What Sandalwood is Used For

Sandalwood is an all-encompassing gift to humanity. Sandalwood not only offers a luxurious aroma to please your senses but also heals you in its myriad ways.

Sandalwood (botanical name: Santalum album), is one of the most ancient trees, with it’s use dating back to at least 3100 BCE. It has an intensely sweet, woody, balsamic, and slightly musky aroma.

It is a priceless ingredient for luxury perfumes, incenses, essential oils, and cosmetics. Sandalwood is native to South India and later spread to the entirety of South Asia.

The Sandalwood tree takes about 10 – 15 years to mature and turn aromatic. A 26-year-old tree is at its fragrant best and yields rich heartwood.

Due to long-term maintenance costs involved, Sandalwood justifies the high price it commands. It is the 2nd most valuable tree on earth.

Benefits of Sandalwood to Mankind

Sandalwood in Religion:

• Indian Sandalwood (Santalum album), has its reference in one of the oldest Hindu Vedic scriptures.
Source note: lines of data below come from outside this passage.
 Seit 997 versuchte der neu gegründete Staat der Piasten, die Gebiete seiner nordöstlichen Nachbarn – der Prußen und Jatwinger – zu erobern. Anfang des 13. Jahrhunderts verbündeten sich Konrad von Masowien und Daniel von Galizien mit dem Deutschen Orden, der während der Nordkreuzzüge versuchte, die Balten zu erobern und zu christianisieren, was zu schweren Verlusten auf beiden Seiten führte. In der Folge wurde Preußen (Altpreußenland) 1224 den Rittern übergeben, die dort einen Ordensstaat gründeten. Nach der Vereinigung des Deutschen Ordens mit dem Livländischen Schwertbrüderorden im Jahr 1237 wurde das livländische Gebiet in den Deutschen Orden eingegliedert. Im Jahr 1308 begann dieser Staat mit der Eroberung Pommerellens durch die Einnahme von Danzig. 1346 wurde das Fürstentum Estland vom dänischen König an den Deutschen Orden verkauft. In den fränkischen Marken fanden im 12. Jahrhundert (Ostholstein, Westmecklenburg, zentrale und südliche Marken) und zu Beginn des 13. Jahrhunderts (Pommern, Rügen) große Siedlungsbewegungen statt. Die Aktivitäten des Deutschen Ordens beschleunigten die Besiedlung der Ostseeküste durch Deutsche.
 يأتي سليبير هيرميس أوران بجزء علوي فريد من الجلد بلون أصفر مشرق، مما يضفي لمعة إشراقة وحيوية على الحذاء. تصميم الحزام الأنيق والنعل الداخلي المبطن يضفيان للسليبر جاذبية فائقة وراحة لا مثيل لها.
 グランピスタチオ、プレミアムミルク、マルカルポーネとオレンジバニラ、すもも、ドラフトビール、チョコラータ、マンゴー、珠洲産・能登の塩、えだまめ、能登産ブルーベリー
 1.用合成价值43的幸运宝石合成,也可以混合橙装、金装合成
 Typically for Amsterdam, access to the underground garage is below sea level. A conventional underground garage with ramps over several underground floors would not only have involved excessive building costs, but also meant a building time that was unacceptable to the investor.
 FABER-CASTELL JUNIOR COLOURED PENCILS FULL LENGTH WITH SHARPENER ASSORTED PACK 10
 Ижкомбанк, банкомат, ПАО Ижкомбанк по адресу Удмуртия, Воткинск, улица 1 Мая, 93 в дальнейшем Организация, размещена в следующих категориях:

The Nirukta. They still consider it a divine wood. So it’s used in carving religious idols as it retains the fragrance for decades.
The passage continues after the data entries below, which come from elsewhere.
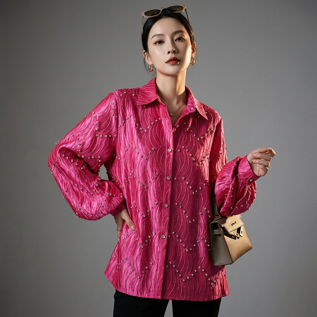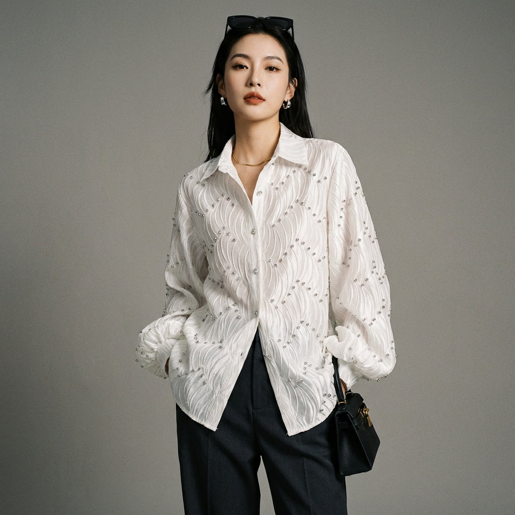 Chemise col polo femme ornée de diamants - K-fashion élégante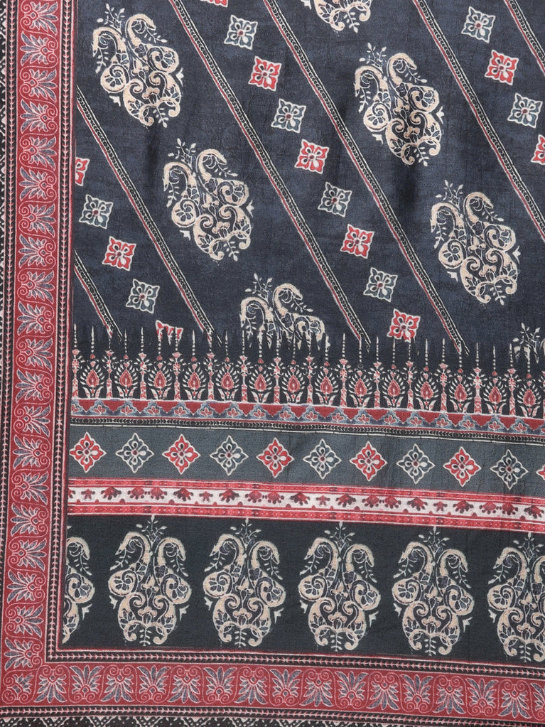 Neeru's Black Color Rayon Fabric Printed Kurta And Trouser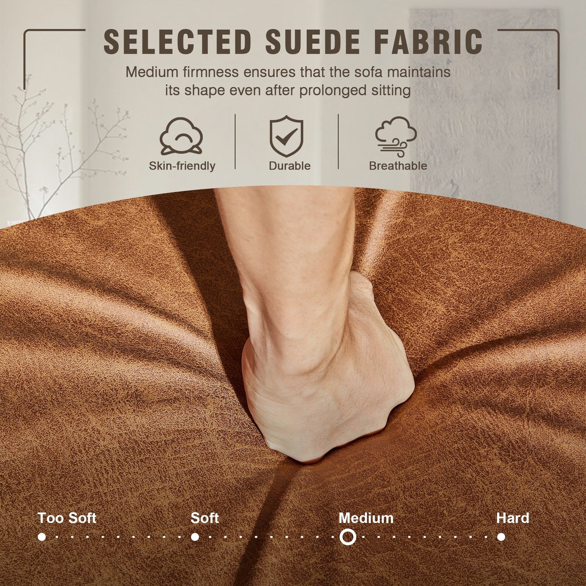 Profitez d'un moment de détente et de confort avec le canapé en daim avec méridienne HOOOWOOO, style milieu de siècle. Sa structure solide et ses pieds fuselés en bois améliorent considérablement sa stabilité et sa durabilité, tandis que son tissu en daim respirant vous garantit une texture confortable et de haute qualité. Disponible en marron clair et marron foncé pour s'harmoniser avec votre décoration.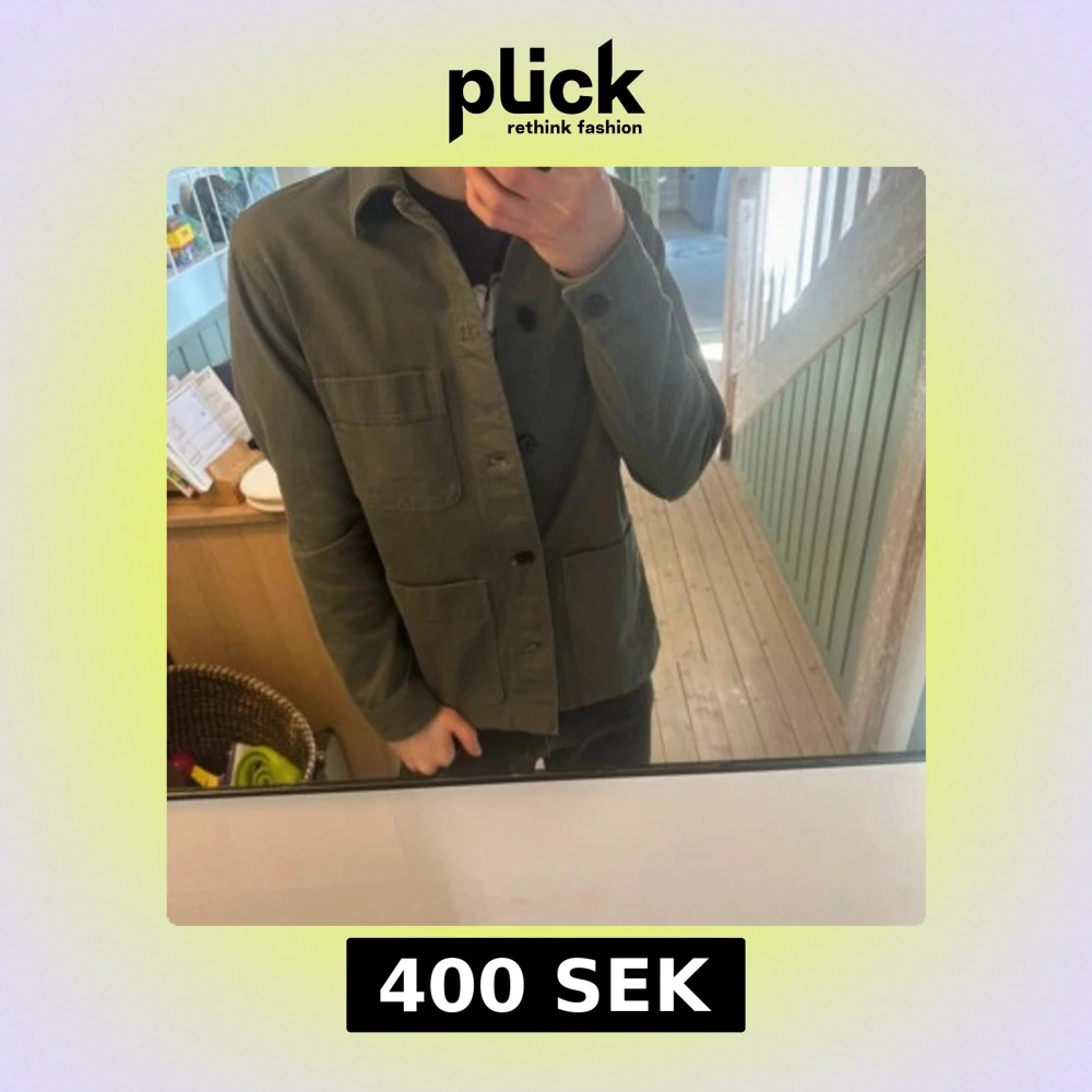 Säljer en stilren grön overshirt med knappar framtill och två stora fickor. Perfekt för lager-på-lager-stil. Passar bra till både vardag och mer avslappnade tillfällen.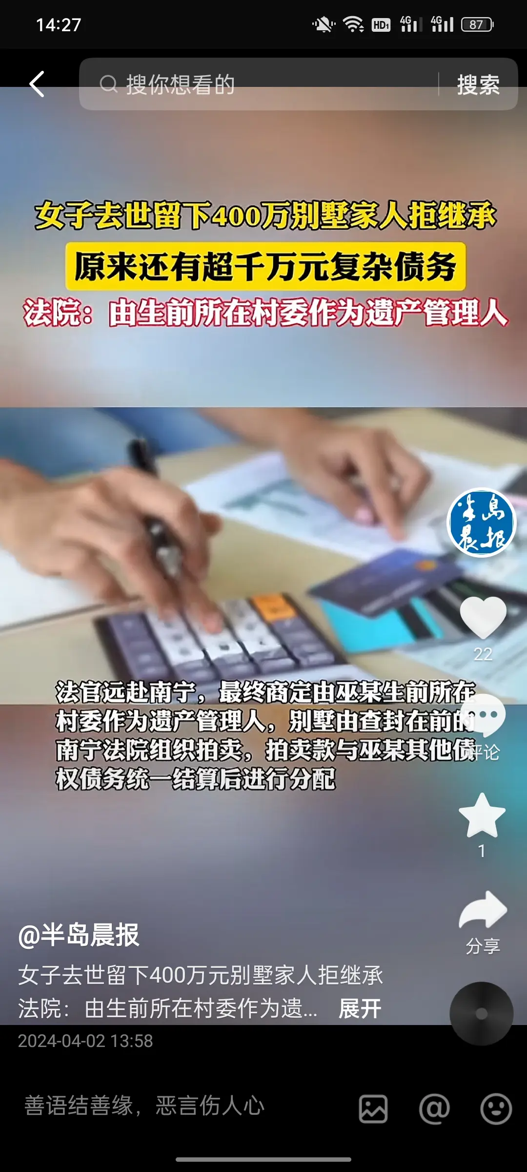 有1000万的债务,没人继承400万房产就能理解了。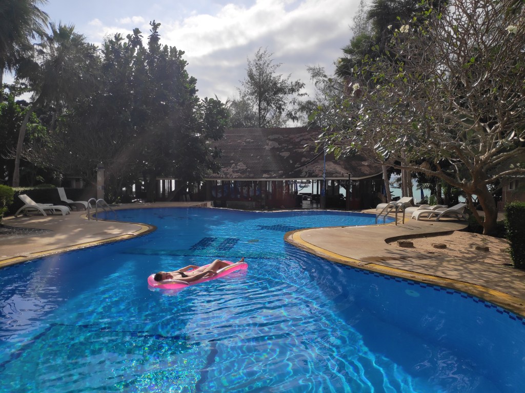 Not to kots, uiteindelijk! De overwinning op mezelf verdwijnt echter snel na aankomst al naar de achtergrond. Het hoost van de regen en we haasten ons met onze tassen onder het afdak op de pier van paradijslijk Koh Tao. Een bordje met de naam van ons hotel erop leidt ons naar een mannetje die ons vervolgens in een open truck laat instappen. Het hotel is drie kilometer verderop gelegen, dus we zijn blij met deze onverwachte transfer. Maar man, wat een zeikweer! Ken je dat? Dat je je verheugt op je vakantie en dat je dan bij je prachtige bungalowpark met zwembad aankomt en alles is grijs en nat? Nou, dat dus. De hoteleigenaar glimlacht, houdt zijn hoofd een beetje schuin en trapt met een vriendelijk gezicht de volgende open deur in: ‘many rain in monsoon time’. Oh, echt?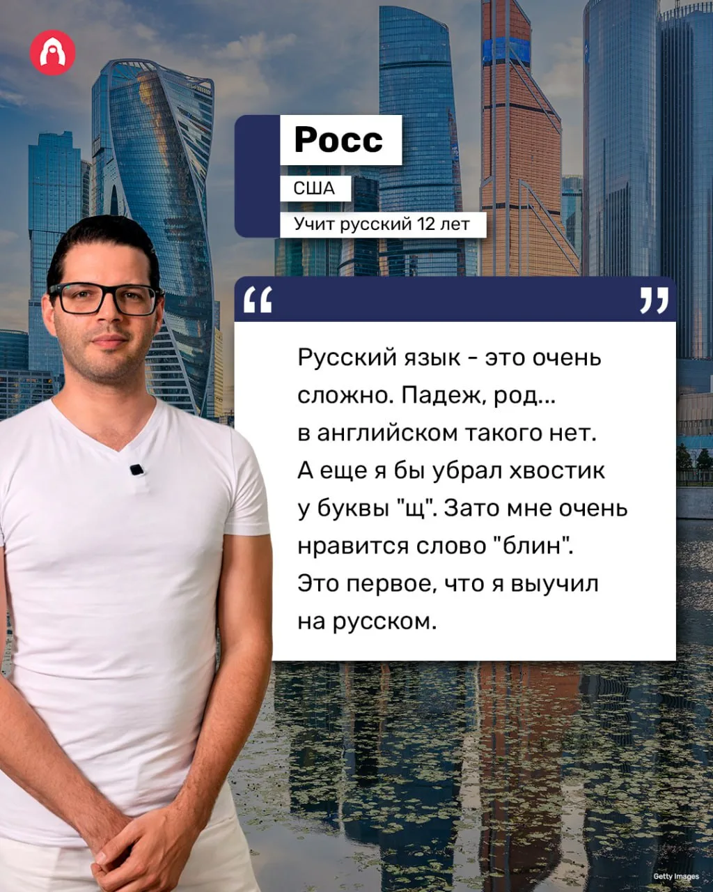 Росс женился на русской девушке. Теперь у них трое детей и они живут в Москве. Чтобы говорить с семьей по-русски, американец решил выучить язык. В прошлом году он проходил обучение в Летней школе Института Пушкина в Москве.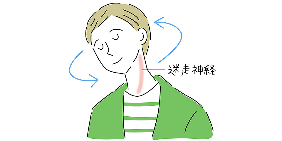 首を大きくゆっくりのばすようにして回すと、首周りの神経(副交感神経系である迷走神経)が刺激され、リラックスしやすくなる。

• Buddhists and Taoists believe Sandalwood helps strengthen one’s spiritual essence. Sandalwood oil helps achieve inner peace and feelings of greater unity during meditation.
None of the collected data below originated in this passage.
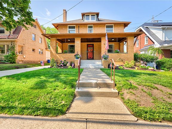LOCATION!!! First block of Hazel. Can't beat this location. Charming home in center of Mt Lebanon. Front porch welcomes you to 38 Hazel. Large living room with decorative marble fireplace and built-ins. Oversized dining room perfect for entertaining. Large windows to let the light in! Updated kitchen with stainless steel appliances. Added powder room in main hallway and pantry and coat closet added to dining room. Back door off kitchen leads to newly poured cement steps and new railings. Perfect area for grilling. Home has new cement driveway leading to THREE CAR detached garage! Level backyard. Upper levels boast of five bedrooms with two full and one half bath. Home could be six bedrooms but have counted as office. Newer windows throughout. Mini splits throughout home are for AC cooling. Lower level has finished room and half bath with several storage rooms and laundry room. Blocks from library,schools,shops and restaurants. (pictures virtually staged)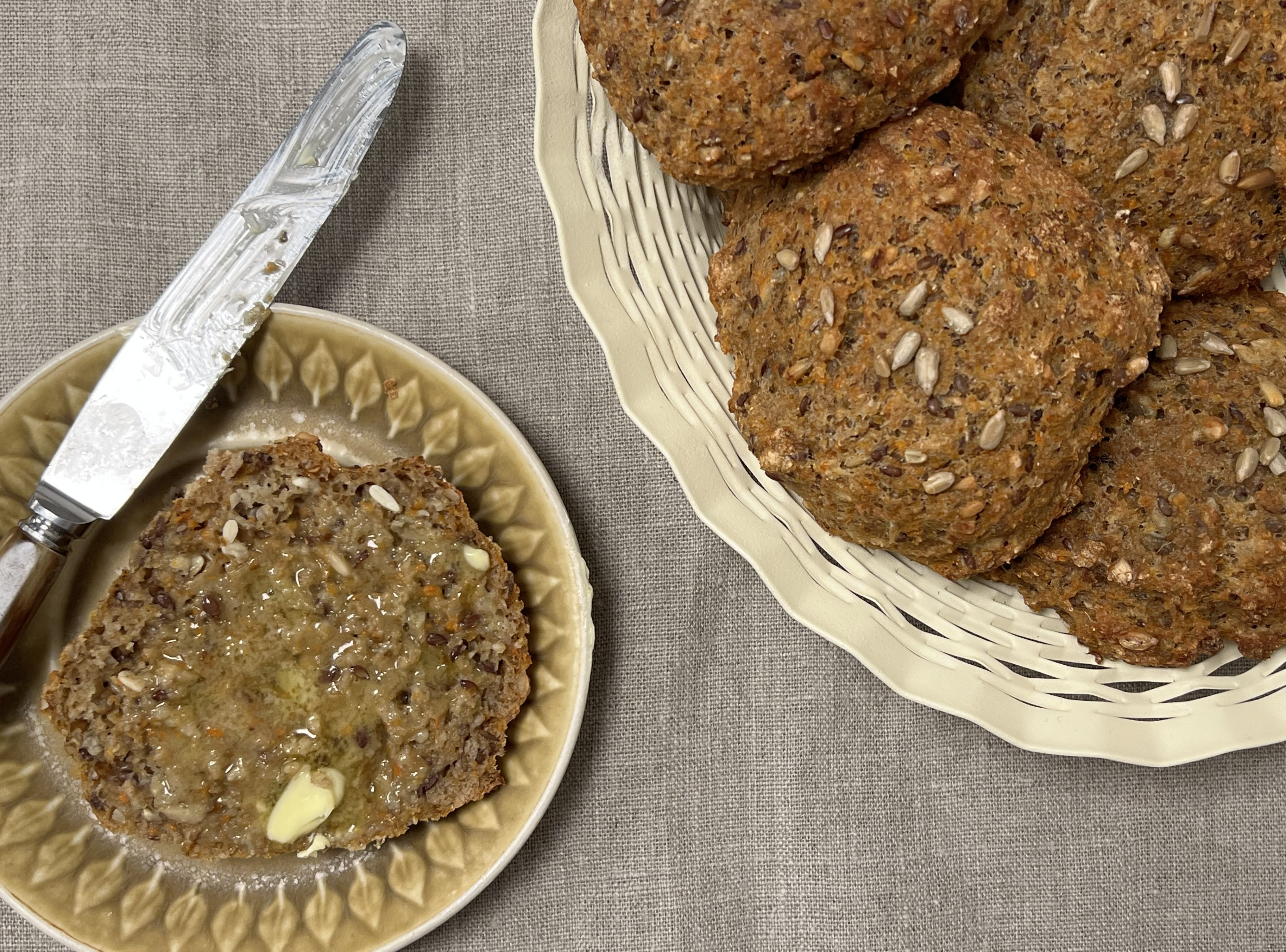 Vi har lavet en morgenbolle, hvor vi har brugt pulpresterne fra gulerodsjuice - så intet går til spilde.
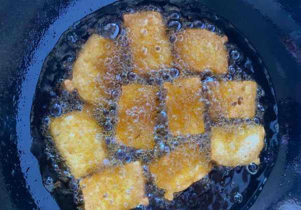 第四步:油炸臭豆腐。将油温升至7成热,一块块下入腌好的豆腐,把豆腐炸至两面金黄就可捞出,切记不可炸老,影响口感。

• The Sufis of Islam mark the graves of the deceased with Sandalwood paste. The tree is thought to guide the soul into the next life.

• Ancient Egyptians used Sandalwood for anointments, embalming, and funerals.

Sandalwood in Perfumes and Cosmetics:

• Due to the luxurious fragrance it exudes, perfume and cosmetics industries use it extensively.

• Sandalwood oil blended with other aromatic oils like lavender makes for an enriching Spa and massage experience.

• Ancient Indians and Egyptians widely used Sandalwood in cosmetics and perfumes. They still do.

Australian Sandalwood: How can you help in its sustainability?

Due to rampant exploitation, the native Sandalwood species in India and Hawaii are already endangered. Australia’s native Sandalwood named “Santalum spicatum” is, however, far from endangerment. The government of Australia has been employing sustainable measures and workable policies to make this feasible.

Wild Western Australia is the current sandalwood belt where royal Indian variety is also planted. Australia already caters to 40% of world market share, according to a study. The demand for Sandalwood will increase multifold in a decade.

By 2025, Australia will have ready, the commercially viable Sandalwood trees. It is touted to surpass the other significant producers of Sandalwood by then. Individuals, therefore, need to support the Australian government in its sustainability efforts.

One way is by making sure you know where your essential oils and Sandalwood are being sourced from.